Task instructions: A faithful transcription is wanted of the lines from the top of the material through the line that holds "Пару дней назад", both ends included, leaving out the pictures.
Data block below:
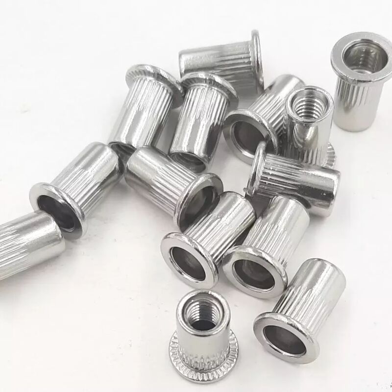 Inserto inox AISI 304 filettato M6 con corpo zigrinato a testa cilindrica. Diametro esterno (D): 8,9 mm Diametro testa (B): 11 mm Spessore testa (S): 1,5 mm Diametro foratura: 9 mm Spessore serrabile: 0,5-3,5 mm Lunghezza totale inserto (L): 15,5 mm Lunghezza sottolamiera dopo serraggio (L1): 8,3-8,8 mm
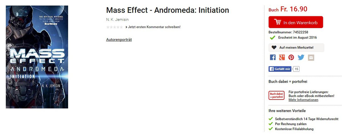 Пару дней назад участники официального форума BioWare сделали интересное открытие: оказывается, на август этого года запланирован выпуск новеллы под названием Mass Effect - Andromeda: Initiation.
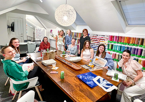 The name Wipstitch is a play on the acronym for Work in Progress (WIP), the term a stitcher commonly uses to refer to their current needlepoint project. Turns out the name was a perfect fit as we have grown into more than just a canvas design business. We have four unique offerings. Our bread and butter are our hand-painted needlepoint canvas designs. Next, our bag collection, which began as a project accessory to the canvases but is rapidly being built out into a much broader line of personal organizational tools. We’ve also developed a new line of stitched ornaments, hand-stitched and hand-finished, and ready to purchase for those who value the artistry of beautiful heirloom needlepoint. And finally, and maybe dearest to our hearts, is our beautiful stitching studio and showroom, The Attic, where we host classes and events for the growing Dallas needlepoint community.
End of Data block.
Solution to this exercise:
 Inserto inox AISI 304 filettato M6 con corpo zigrinato a testa cilindrica. Diametro esterno (D): 8,9 mm Diametro testa (B): 11 mm Spessore testa (S): 1,5 mm Diametro foratura: 9 mm Spessore serrabile: 0,5-3,5 mm Lunghezza totale inserto (L): 15,5 mm Lunghezza sottolamiera dopo serraggio (L1): 8,3-8,8 mm
 Пару дней назад участники официального форума BioWare сделали интересное открытие: оказывается, на август этого года запланирован выпуск новеллы под названием Mass Effect - Andromeda: Initiation.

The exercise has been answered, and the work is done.